To the surprise of all the shorts, though the drug did not meet the goals set out
                in the original study, the average survival time of patients on Provenge was increased by
                3 to 5 months.  Moreover,  the mode of treatment was far less destructive of a patient's final
                days than the alternative,  radiation therapy.  /The FDA Advisory Panel voted unanimously
                that the drug was safe, as it was grown from the patient's own cells, and voted by 13-4 that
                it was "effective".   Word got out the day before the announcement.   On March 28th, trading
                volume more than tripled from the day before and the stock rose  from 4,612 to 5.22.   On the day
                of the panel's meeting, the NASDAQ halted trading..  On the next day, March 30th, the stock
                tripled and opened at 17.92.  It closed at 12.93.  The volume that day was  925,478 shares,
               a 9-fold increase from what it had been the day before the announcement.  It rose each of the
               next 5 days and hit 25.25 on the sixth.  It came very close to its all-time high.   The rise was
               all short squeeze. 


                                                         
  What's The Lesson Here.

                         
Buy aggressively stocks that have unexpectely very good news when the short
                positions are so high.  Watch the news in very high volume stocks, if you are a day
                trader or even a short-term trader.   And when you look at a Tiger chart, know that
                insiders can be wrong.  The Tiger Accumulation chart shows steady red distribution,
                reflecting heavy shorting.  Seldom are the insider this wrong, but they can be very
                wrong, in the short- term.   Below is the Tiger Accumulation chart.  In fairness to it,
                users know that sudden spikes of Accumulation are important.  Tiger charts represent
                these as Buy B17 and Sell S17 signals.  Use these when the closing price is within
                the bands. With this understood, these signals excel.

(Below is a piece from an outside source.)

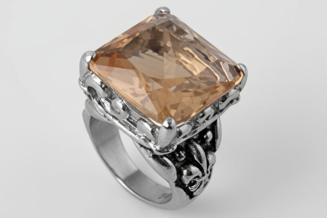 Stainless Steel Casting Ring Fleur De Lis Champagne CZ Cocktail Ring Product Code: MSR-498 Face Width: 21mm Band Width: 4mm Finish: High Polished; Oxidized Stone: Light Champagne CZ
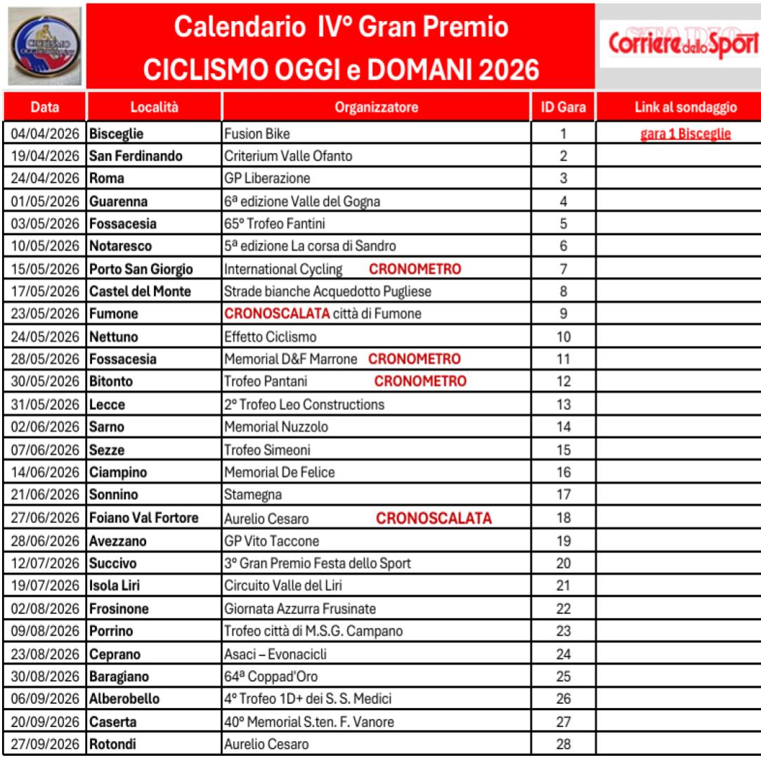 Il GP CICLISMO OGGI E DOMANI è iniziato con la prova di Bisceglie che si è svolta sabato 4 aprile. La prima di un ricco calendario che conta ben 28 gare distribuite in diverse Regioni del Centro Sud Italia. Di seguito il Calendario aggiornato e le classifiche provvisorie del GP.

                                              
Back to Earth: Does The FDA Care?

                        
DNDN's stock quickly fell back once the short squeeze was over.  And, as
                if to prove the insiders were right all along to short the stock, on May 8th the FDA
                disregarded its Panel's advise and raised new questions about the new vacine's
                efficacy that will probably not be answered until 2010!  So, ultimately, the cynical
                insider-short sellers will probably be proven right.  They understood how bureaucratic
                the FDA is.  They understood how much more concerned the FDA is in protecting
                itself from criticism it is than in alleviating pain and suffering among a class of patients
                that is presently quite doomed!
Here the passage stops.